Erik walked over to the changing table and got to work with the wipes. “Why are you doing this?” he asked his sister.
“Because it is your turn. Aunt Hilda made it clear that we must all help with the triplet diapers. It is too much for any one person to handle.”
“No, I mean, why do you want to fix my fears?” His twin sisters never paid Erik much attention. They led busy lives, like every other kid in Ridgewell, Connecticut. He mostly saw them at meals or competitions. And on Saturday nights, when the Sheepflatteners almost always watched a movie together and his mom filled this enormous wooden bowl with fresh-popped, seriously butter
ed popcorn. That was nice. Otherwise, his sisters sort of treated him like a piece of furniture: always part of the scenery, but not something with which you did much. He wanted to go back to things being that way as soon as possible.
Brunhilde looked into the distance. “I, Brunhilde Sheepflattener, daughter of Inge and Thorfast, granddaughter of Golveg and Vigdis, I am your sister. I will always be on your side and vanquish that which would trouble you. Family takes care of family,” she stated.
Erik knew once his sister started reciting her bloodline and using the word vanquish that she was going to insist on getting her way. He wasn’t going to blend in with any furniture again until they got this over with. He finished cleaning and rebuttoning his small cousin and handed him to Hrolf, who strapped Siegmund into the middle seat of the huge triplet stroller.
“To the library,” Brunhilde barked. “Our quest begins!”
* * *
The library was a modern brick building with lots of windows and colorful posters inviting patrons to READ! Ragnar led the way through the front doors to the children’s section. The children and teens department was at the far end of the building and included an inviting play space with dress-up clothes, building toys for little ones, and a larger space with comfy chairs, computers, and a fish tank where older children could relax or do homework.
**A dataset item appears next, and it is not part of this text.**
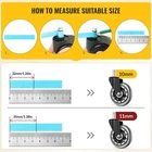 SPECIFICATION - Shaft diameter: 11 mm (7/16 inch) - Shaft length: 22 mm (7/8 inch) - Wheel diameter: 75 mm (3 inch) - Overall height: 125 mm (5 inch) - Wheel width: 25 mm ( 1 inch) - Total capacity: 200 kg (440 lb) - Wheel material: Rubber on polyurethane FEATURES - Robust construction for high load capacity - Swivel head for continuous, uninterrupted movement - Durable wheels with extremely low wear - Ergonomically friendly wheels with optimized rolling resistance to reduce the load for the user - Ideal for carts and storage cabinets, display stands, work table, carts etc. WHAT YOU CAN GET - 5 x Office Rolls SMOOTH AND QUIET GLIDING: Precision ball bearings and a soft polyurethane wheel-shell make chair rolling and swivel silky smooth and quiet on any surface. Ideal for shared office spaces, professional gaming environments or even near your sleeping babies in the home office. SAFE FOR ALL FLOORS: Covered with a high quality, extra thick, non-marking soft polyurethane layer office chair rollerblade wheels are avoiding to scratch or leave marks on any surface (including hardwood, carpet, tile, laminate and more). STURDY HEAVY DUTY STRUCTURE: Heavy duty caster wheels steel casing, the maximum load capacity of wheels-set of 5 is up to 200kg and has passed the highest level TUV test. EASY INSTALLATION: Plug-and-play, no tools required! Simply pull out your old chair castors and insert the new ones. So you can start experiencing smooth and quiet gliding! STEM SIZE AND : Stem size with 7/16" (11mm) diameter x 7/8" (22mm) length, fits for most chairs EXCEPT FOR IKEA. 1 year , free replacement. Please do not hesitate to contact us if you need any assistance.

Mrs. Harkness, the children’s librarian, was a round woman with a cap of curly white hair. She beamed at the Sheepflattener clan from behind the ASK ME desk. “What can I help you find today, children?” she asked.
Brunhilde bowed low. “Greetings, wise ruler of the library. We seek an understanding of fear,” she said.
“Fear, you say?” Mrs. Harkness typed something into her library catalog computer. “Yes, we have Fanny Fearless and the Fang under F in picture books. Fright Club is over in new YA. And Oh, a Spear, a Spear I Fear, of course, that’s in poetry.”